Source data:
<<<<

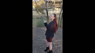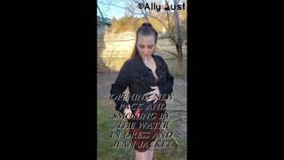 Opening a new pack and smoking by the water in a dress and jean jacket
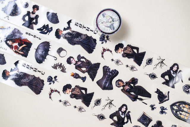 Step into the world of Victorian elegance with this unique transparent PET tape by CoraCreaCrafts. Designed with an intricate mix of gothic-inspired stickers, this tape features a 100cm repeat loop, showcasing a variety of detailed designs. The glossy finish adds a sophisticated shine, making it perfect for adding a touch of vintage charm to your creative projects.
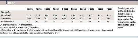 Medicinsk Afdeling, Køge Sygehus, er i øjeblikket den tredjebedst evaluerede afdeling af 38 afdelinger i Østdanmark, og vi har set en stigende tilfredshed med afdelingen som uddannelsessted bedømt på de skriftlige evalueringer (Tabel 1). Vi har den højeste svarprocent på evalueringerne og har for tiden næstflest studerende på klinisk kursus i intern medicin II blandt alle afdelinger i Østdanmark.
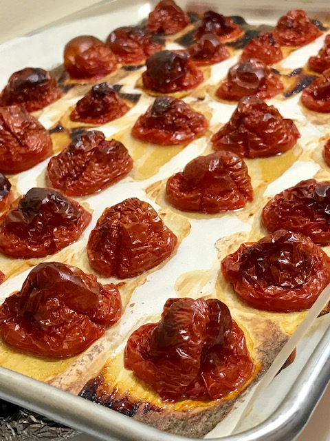 Plain roasted cocktail tomatoes. Spread on toast or use as a base for toasted pizzas! Place on sliced French baguette as appetizer or English muffin for pizzas. Or as a topper garnish for main dishes, salads and as a replacement for fresh tomatoes on a sandwich!

>>>>

Work item:
Copy all of the data above exactly. Leave out every picture.

Problem solution:
 Opening a new pack and smoking by the water in a dress and jean jacket
 Step into the world of Victorian elegance with this unique transparent PET tape by CoraCreaCrafts. Designed with an intricate mix of gothic-inspired stickers, this tape features a 100cm repeat loop, showcasing a variety of detailed designs. The glossy finish adds a sophisticated shine, making it perfect for adding a touch of vintage charm to your creative projects.
 Medicinsk Afdeling, Køge Sygehus, er i øjeblikket den tredjebedst evaluerede afdeling af 38 afdelinger i Østdanmark, og vi har set en stigende tilfredshed med afdelingen som uddannelsessted bedømt på de skriftlige evalueringer (Tabel 1). Vi har den højeste svarprocent på evalueringerne og har for tiden næstflest studerende på klinisk kursus i intern medicin II blandt alle afdelinger i Østdanmark.
 Plain roasted cocktail tomatoes. Spread on toast or use as a base for toasted pizzas! Place on sliced French baguette as appetizer or English muffin for pizzas. Or as a topper garnish for main dishes, salads and as a replacement for fresh tomatoes on a sandwich!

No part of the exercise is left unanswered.